Nicolette Somers is one strong momma. Nicolette was overjoyed with the arrival of her first child but soon after his birth, she started experiencing strange symptoms. While she should have been celebrating all of her new baby’s first holidays, Nicolette was alone in a hospital having tests ran on her heart. Ultimately, she would have to face a major life-altering procedure in the middle of a pandemic. Here is Nicolette’s story.
My name is Nicolette, I’m 29 years old and I am a PPCM survivor.
In November 2019, my husband and I found out we were expecting our first child and we couldn’t be more excited. I was so ready to be a mom and experience the joys of pregnancy. My whole pregnancy was great. Aside from a few days of morning sickness, I didn’t have any complications during my pregnancy: no high blood pressure, no gestational diabetes, no preeclampsia.
With us both furloughed from work due to COVID-19, I enjoyed spending time with my husband and watching my bump grow. On July 23rd my water started to leak so we headed to the hospital to be induced. Nineteen hours of labor and twenty minutes of pushing later, my son finally made his arrival on July 24, 2020. We were so in love and couldn’t wait to be home as a family.
By the end of my first month postpartum, I noticed I was extremely fatigued. Deep down I felt like I was more tired than I should have been. It was a different kind of fatigue. I wasn’t just sleep-deprived, but I had no energy to do anything. Everyone kept saying “you have a newborn, of course, it’s exhausting”, so I ignored it.
A couple of weeks later I noticed my weight had increased plus I had a swollen face and legs. I didn’t change anything in my eating habits and I was going for walks so I was a little confused. I just assumed it would go away if I ate healthier so I ignored it. Around the same time, I was starting to have difficulty breathing with tasks. I couldn’t stand for too long, do the dishes, pick up my son, or go up the stairs without needing to catch my breath. This started to worry me, but I thought maybe I was getting asthma or something else. My heart never crossed my mind.
Eventually, it got to a point that I couldn’t breathe when I was just sitting and resting so I decided to go to the ER. They took a chest X-ray and saw that I had fluid in my lungs and an enlarged heart. They immediately admitted me to see the cardiologists the next day.

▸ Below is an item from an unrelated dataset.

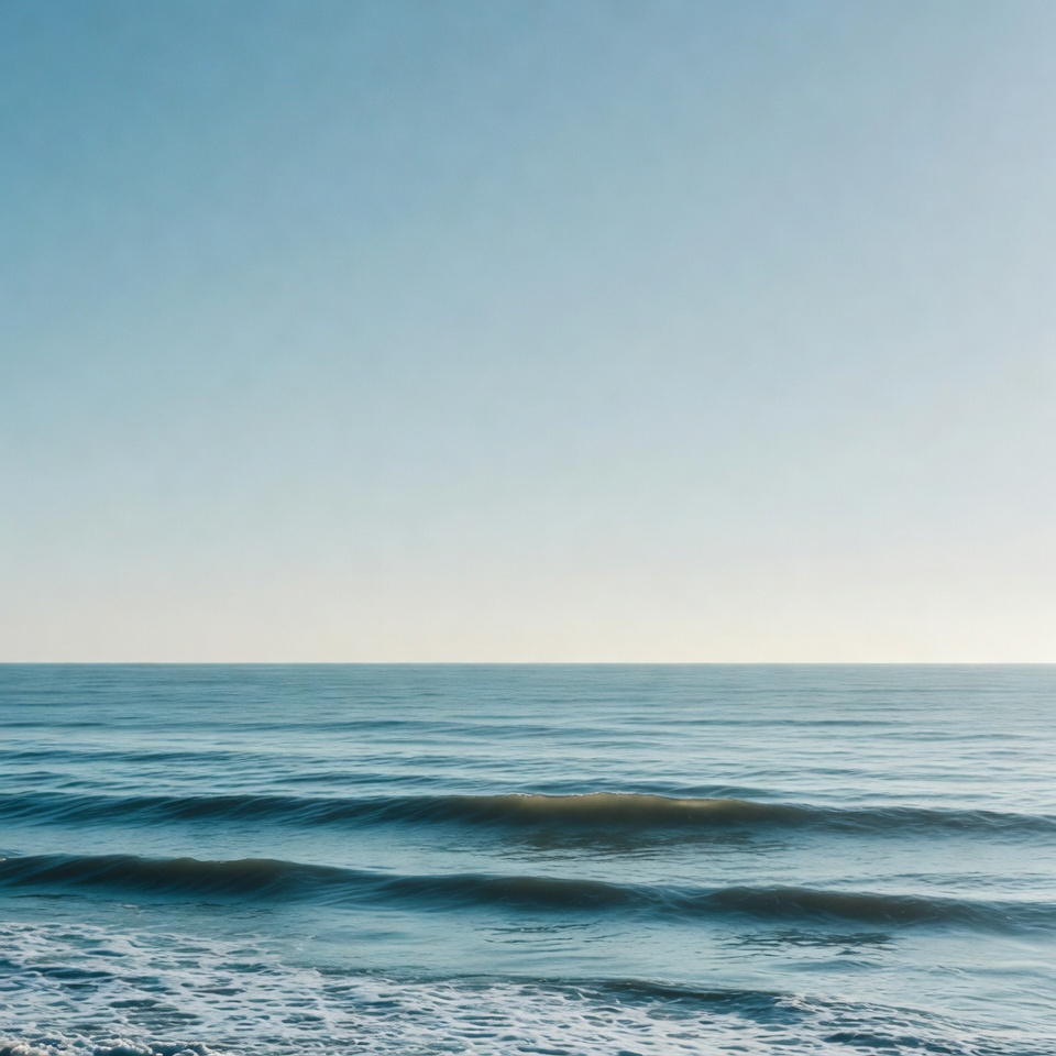 Gentle ocean waves roll towards the shore under a clear light blue sky. The water displays shades of blue and turquoise with white foam on the crests. The horizon line separates the sea from the expansive sky.

In October 2020 the hospitals in my area were allowing one visitor a day due to COVID. Fortunately, my husband was able to be with me when I received the official diagnosis of peripartum cardiomyopathy (PPCM). We were both in shock but we had each other to lean on.

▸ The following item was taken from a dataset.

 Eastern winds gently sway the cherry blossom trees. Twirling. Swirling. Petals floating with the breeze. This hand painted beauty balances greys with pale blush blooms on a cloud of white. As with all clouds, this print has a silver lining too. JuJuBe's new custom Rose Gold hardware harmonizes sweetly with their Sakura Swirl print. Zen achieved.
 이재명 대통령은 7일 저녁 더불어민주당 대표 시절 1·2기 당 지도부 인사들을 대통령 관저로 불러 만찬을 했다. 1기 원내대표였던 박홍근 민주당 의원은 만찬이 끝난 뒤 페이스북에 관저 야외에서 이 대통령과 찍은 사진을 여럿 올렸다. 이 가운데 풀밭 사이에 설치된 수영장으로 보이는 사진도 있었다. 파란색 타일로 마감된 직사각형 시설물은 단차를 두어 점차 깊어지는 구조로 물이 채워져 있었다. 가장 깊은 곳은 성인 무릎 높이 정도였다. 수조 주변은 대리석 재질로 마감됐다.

At my first follow up with my cardiologist, he changed my medications but a few days later I ended up in the ER again due to trouble breathing. The doctor sent me home the same day with some Lasix. This didn’t feel right, my gut told me I needed a better doctor. In November 2020, I changed cardiologists. At my first appointment, she didn’t like my symptoms and had me admitted to the hospital for more tests.
My echocardiogram showed a decreased EF from October. The doctors transferred me to a different hospital for a more intense cardiac rehab and transplant evaluation. By then, COVID cases had increased so I was alone in the hospital when I heard this news. It was very difficult and scary to hear the word ‘transplant’. On top of this, I had to call my husband and my parents to tell them the news instead of having them with me for support.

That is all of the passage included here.